The formula for trajectory, d=0.5(g)(t^2), is specifically designed to calculate the distance traveled by a falling object under the influence of gravity. It takes into account the acceleration due to gravity (g) and the time (t) the object has been falling. Therefore, it may not be applicable to decelerating bodies such as cars, as they are not solely affected by gravity but also by other external forces such as friction and air resistance.

To accurately calculate the distance traveled by a decelerating body, we would need to consider these additional forces and incorporate them into the formula. A more appropriate formula for a decelerating body would be d=V0t + 0.5at^2, where V0 is the initial velocity, a is the deceleration rate, and t is the time.

In the example given, the distance traveled by the car would be calculated using this formula as d= (0 m/s)(t) + 0.5(-a)(t^2) = -0.5at^2. This formula takes into account the initial velocity of 0 m/s and the deceleration rate (a) over a distance of 50 meters.

In conclusion, while the formula for trajectory may be applicable to falling objects, it cannot be used to accurately calculate the distance traveled by decelerating bodies such as cars. A different formula that takes into account all the relevant forces would need to be used for such calculations.

## 1. What is the formula for calculating trajectory for a decelerating body?

The formula for calculating the trajectory of a decelerating body is the same as that for an accelerating body, which is y = y0 + v0t - 1/2at^2, where y is the final position, y0 is the initial position, v0 is the initial velocity, t is the time, and a is the acceleration.

## 2. Can the trajectory formula be used for different types of decelerating bodies?

Yes, the formula for trajectory is applicable to any type of decelerating body, whether it is a vehicle, a projectile, or any other object.

## 3. How is the formula for trajectory derived?
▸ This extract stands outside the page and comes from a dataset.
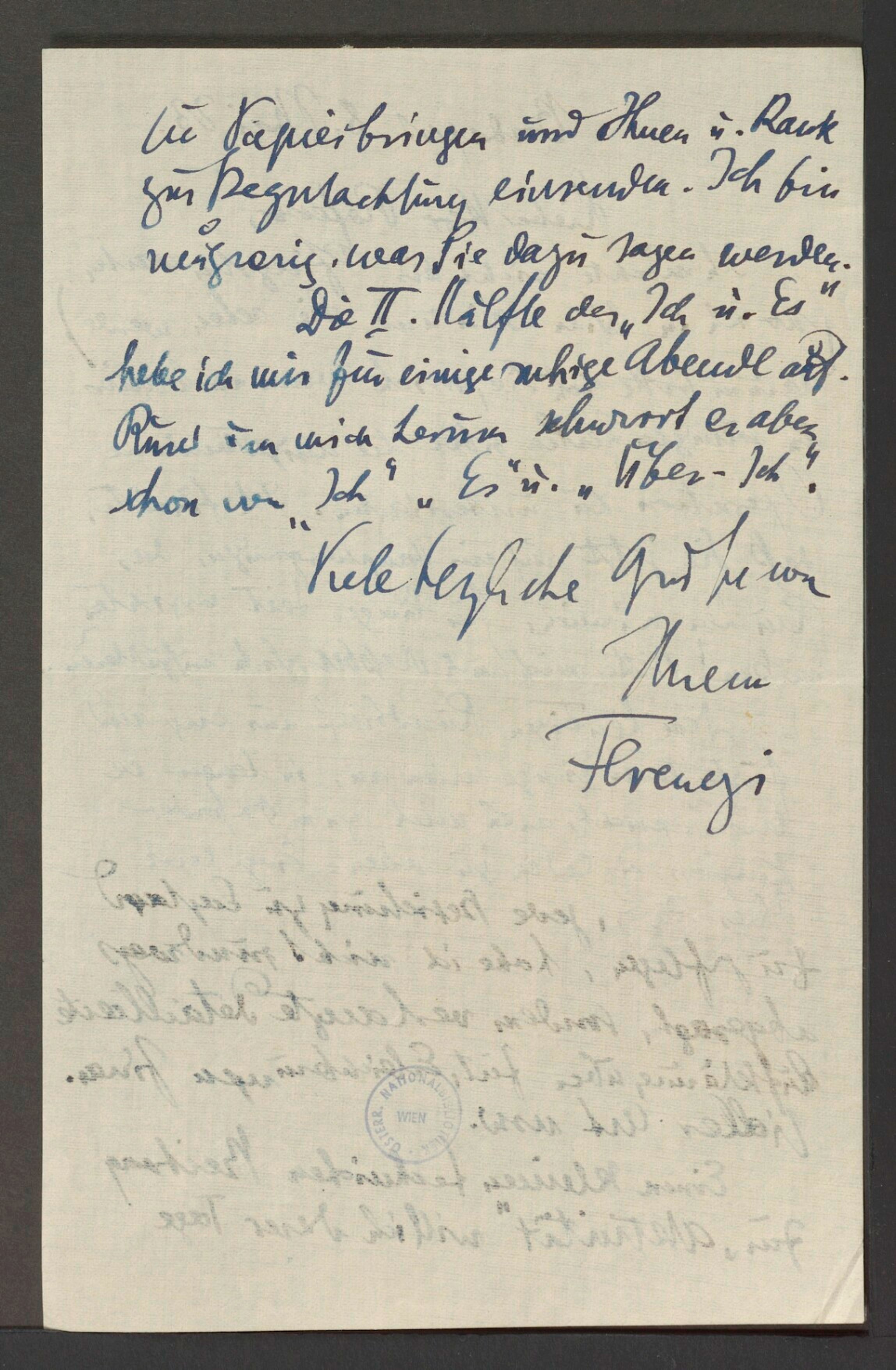 Freud, Sigmund, 1856-1939 [VerfasserIn] ; Ferenczi, Sándor, 1873-1933 [AdressatIn]

The formula for trajectory is derived from the equations of motion, specifically the equation for displacement x = x0 + v0t + 1/2at^2, by substituting y for x and considering the vertical direction of motion.

## 4. Is air resistance taken into account in the formula for trajectory of a decelerating body?

No, the formula for trajectory does not take into account factors such as air resistance. It is based on the assumption that the body is moving in a vacuum or in a medium with constant density.

## 5. What other factors can affect the trajectory of a decelerating body besides acceleration?

Besides acceleration, other factors that can affect the trajectory of a decelerating body include initial velocity, angle of launch, and external forces such as friction and air resistance. These factors can alter the shape and height of the trajectory, making it more complex to calculate.